§ YOUR TASK
In the material below, find the line containing "du Finistère. |" and the line containing "Jack-o'-lantern pumpkin glowing". Output those two lines and all lines between them exactly, without pictures.

§ THE DATA
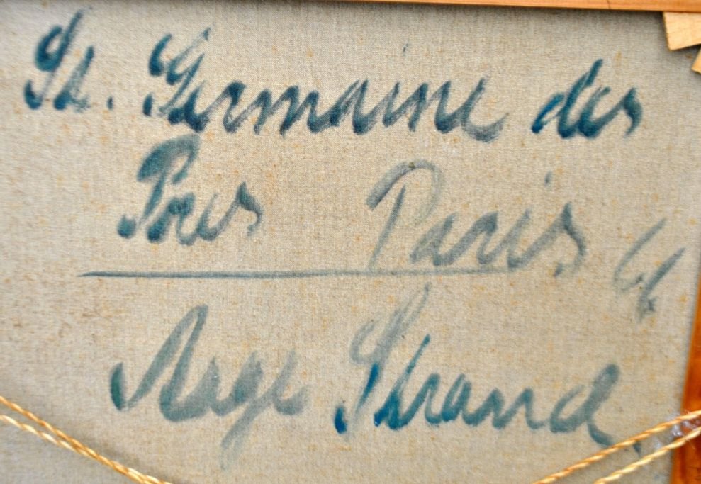 Strand, Aage (1910 - 1975) Danmark: St. Germain des Pres Paris, 1966. Olie på lærred. Signeret: Aage Strand 1966. H: 70 cm. B: 60 cm.
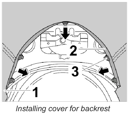 6. Press cover for backrest -1- into the backrest shell -2- lower left and right using a screwdriver -3-.
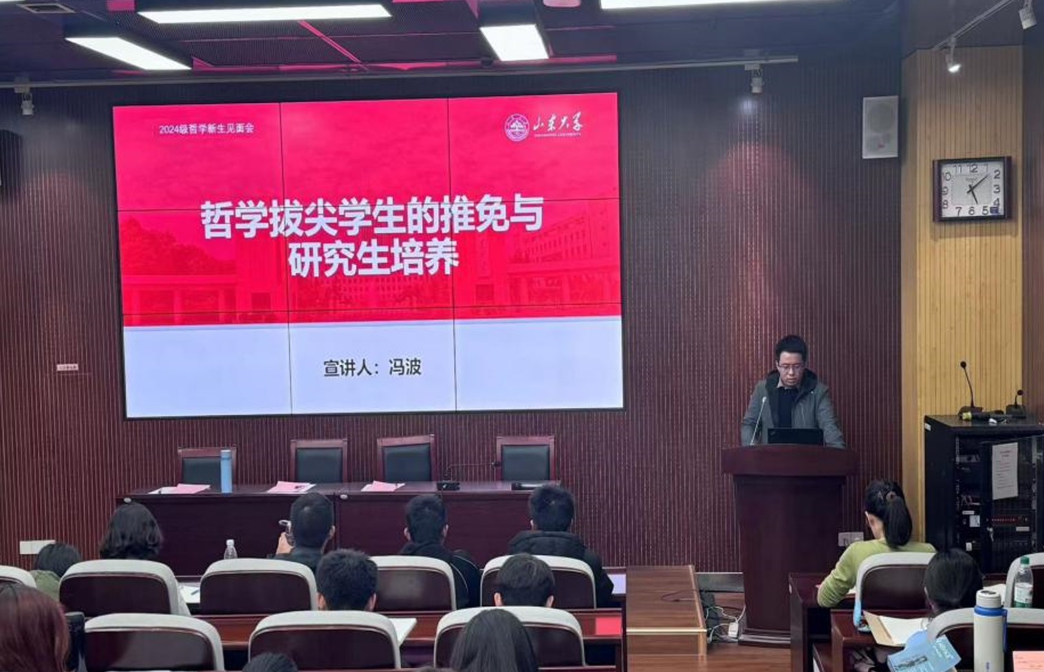 于11月6日在知新楼115举行2024级哲学新生学习成长交流见面会。本次会议由学院党委副书记翁祥栋主持,副院长冯波、副院长吴童立、哲学系主任王丁主讲,全体24级哲学新生参加。
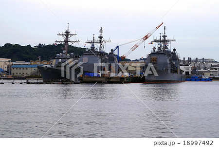 米軍横須賀基地で改修中の空母ロナルド・レーガンとタイコンデロガ級イージス巡洋艦
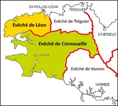 ![]() Carte montrant les évêchés avant le régime concordataire : l'évêché de Léon au nord du Finistère et celui de Cornouaille au sud du Finistère. |
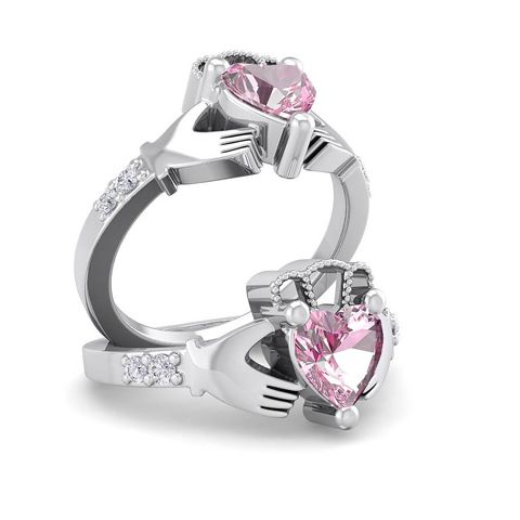 1 Carat Heart Shape Pink Topaz and Diamond Claddagh Ring In 14 Karat White Gold
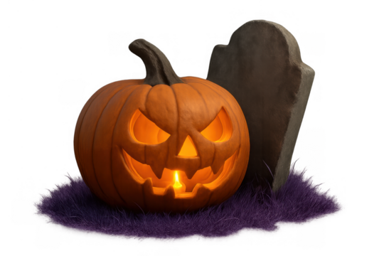 Jack-o'-lantern pumpkin glowing with candle light next to an old gravestone on purple grass, halloween spooky atmosphere, transparent background
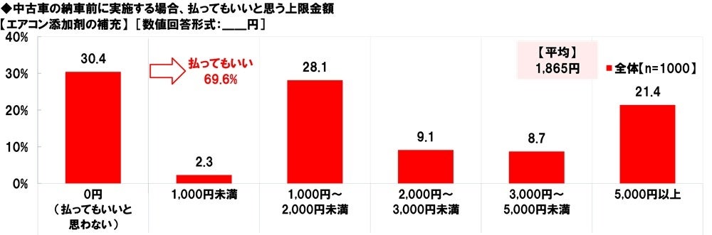 【エアコン添加剤の補充】では、「払ってもいい」は69.6%、「0円(払ってもいいと思わない)」は30.4%となりました。払ってもいいと思う上限金額は「1,000円~2,000円未満」(28.1%)や「5,000円以上」(21.4%)に回答が分かれ、平均は1,865円でした。
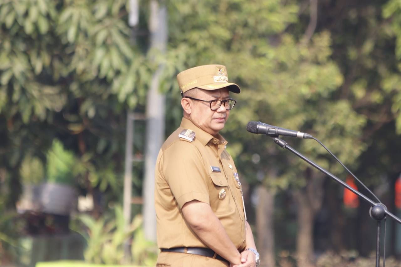 Photo:Pj, Wali Kota Bekasi R Gani Muhamad saat mempimpin Apel pagi gabung aparatur pemerintah Kota Bekasi.

§ EXERCISE RESULT
 ![]() Carte montrant les évêchés avant le régime concordataire : l'évêché de Léon au nord du Finistère et celui de Cornouaille au sud du Finistère. |
 1 Carat Heart Shape Pink Topaz and Diamond Claddagh Ring In 14 Karat White Gold
 Jack-o'-lantern pumpkin glowing with candle light next to an old gravestone on purple grass, halloween spooky atmosphere, transparent background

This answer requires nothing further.